Türkiye’nin AB’ye üyelik sürecinde yaşanan olumsuzlukların, demir çelik sektörüne de yansıdığı gözleniyor. Çalışmaları 2001 yılında başlatılan ve 2006 yılında Ko-misyona intikâl ettirilip, iade edilmesi üzerine yeniden çalışılan ve nihayet 2009 yılında tekrar Komisyona gönderilen Türk çelik sektörünün yeniden yapılandırılması raporundan halâ bir ses çıkmaması rahatsızlık yaratıyor. Esasen raporun son hali ile, yeniden yapılandırma raporu olmaktan çok, “yeniden yapılandırmama” raporuna dönüşmüş olması sebebi ile, başlangıçta çalışmalara iştirak eden pek çok üretici kuruluş, yeniden yapılandırma kapsamındaki devlet yardımı talebini geri çekmiş bulunuyor. 12 yıl devam eden bir raporlama süreci ve çelik sektörünün yeniden yapılandırılmasının, rekabet faslının açılış şartı haline getirilmiş olması, AB’nin yaklaşımındaki önyargılı ve tek taraflı bakışı açıkça ortaya koyuyor.

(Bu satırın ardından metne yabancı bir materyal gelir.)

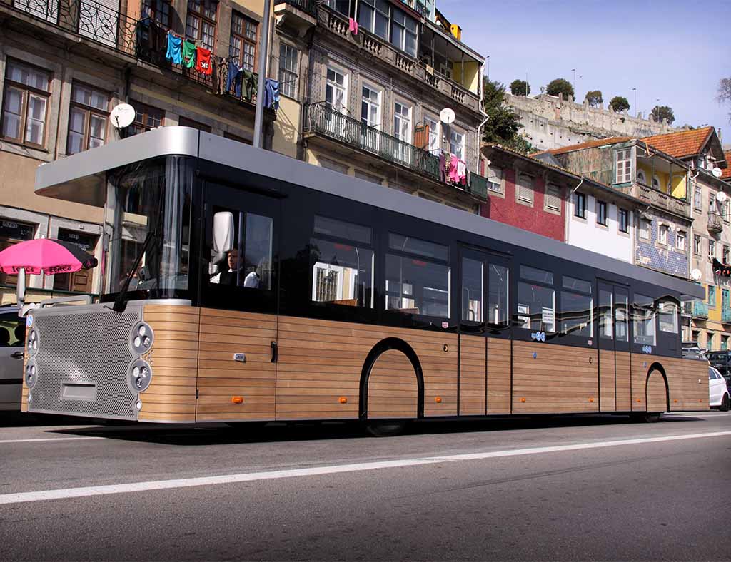 A különleges műszaki tartalomhoz persze exkluzív külső design is jár, ami túlzásba vitt modernitás helyett inkább sajátos stílusával hívja fel magára a figyelmet. A lekerekített élű téglatestet formázó karosszéria, a kerekeket is beleértve 7 mm vastag, tikfából készült külső burkolatot kapott, igaz, ez az eltelt évek alatt mostanra több példány esetében is alaposan megfakult már. Ugyanilyen hatású anyagot használtak a 14 utasülésnél is az összesen 90 fő befogadására képes alacsonypadlós beltérben, amely mindkét oldalról megközelíthető, két-két lengő-toló ajtón keresztül. Ez az alapvetően szintén reptéri buszos jellegzetesség is jól jön az útvonalat jellemző sajátos forgalmi viszonyok között. A külön ajtón át megközelíthető vezetőfülke melletti terület a busz mindkét végén nyitott, végképp szokatlan megjelenést kölcsönözve a járműnek, a pontot az i-re pedig az üvegezett napfénytető teszi fel.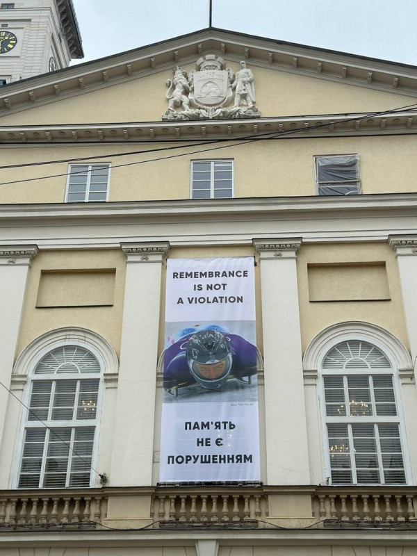 У Львові на фасаді будівлі міської ради 13 лютого вивісили банер із фотографією українського скелетоніста Владислава Гераскевича та написом "Пам’ять не є порушенням".

Bugün geldiğimiz noktada sektörümüz, Türkiye ile Avrupa Kömür Çelik Topluluğu (AKÇT) arasındaki serbest ticaret anlaşmasını, giderek artan ölçülerde sorgulamaya başlamış bulunuyor. Gerçekten de yürürlüğe girdiği 1996 yılında Türk Çelik sektörüne vergi avantajı sağlayan anlaşmanın, bugün aynı şartların tüm 3. ülkelere de sağlanmış olması sebebiyle, Türk çelik sektörü açısından ciddi bir avantajı kalmamış, hatta Cezayir ve Meksika örneklerinde olduğu gibi, AB’nin üçüncü ülkeler ile tek başına imzaladığı STA’lar, çelik sektörümüzü dezavantajlı duruma düşürmüştür.
Buna karşılık, Türkiye’nin AB ülkeleri için sıfırladığı gümrük vergilerinin, AB çelik üreticilerine büyük avantaj sağlaması ve çelik ithalatımızın yarısının AB ülkelerinden gümrüksüz olarak yapılması, çelik sektörümüzü sıkıntıya sokuyor. 2012 yılının ilk 8 ayında AB’nin Türkiye’ye net çelik ihracatı 3 misli artmış bulunuyor. AB ile çelik ticareti, sürekli bir şekilde aleyhimize gelişiyor.
Bunun da ötesinde, Anlaşmanın çelik sektörüne her türlü devlet yardımını yasaklayan hükümleri, sektörümüzün dış ticaret açığımızın kapatılmasını amaçlayan yüksek katma değerli ürünlere yönelik yatırımlarını sınırlıyor. Kayda değer bir avantajı bulunmadan, AB’nin yedeğine alınarak gelişmesinin engellendiği duygusu, çelik sektörümüzü rahatsız ediyor. Mevcut ilişkinin, sektörün gelişmesinin önünü tıkamayan, daha dengeli bir yapıya kavuşturulmasına ihtiyaç duyuluyor.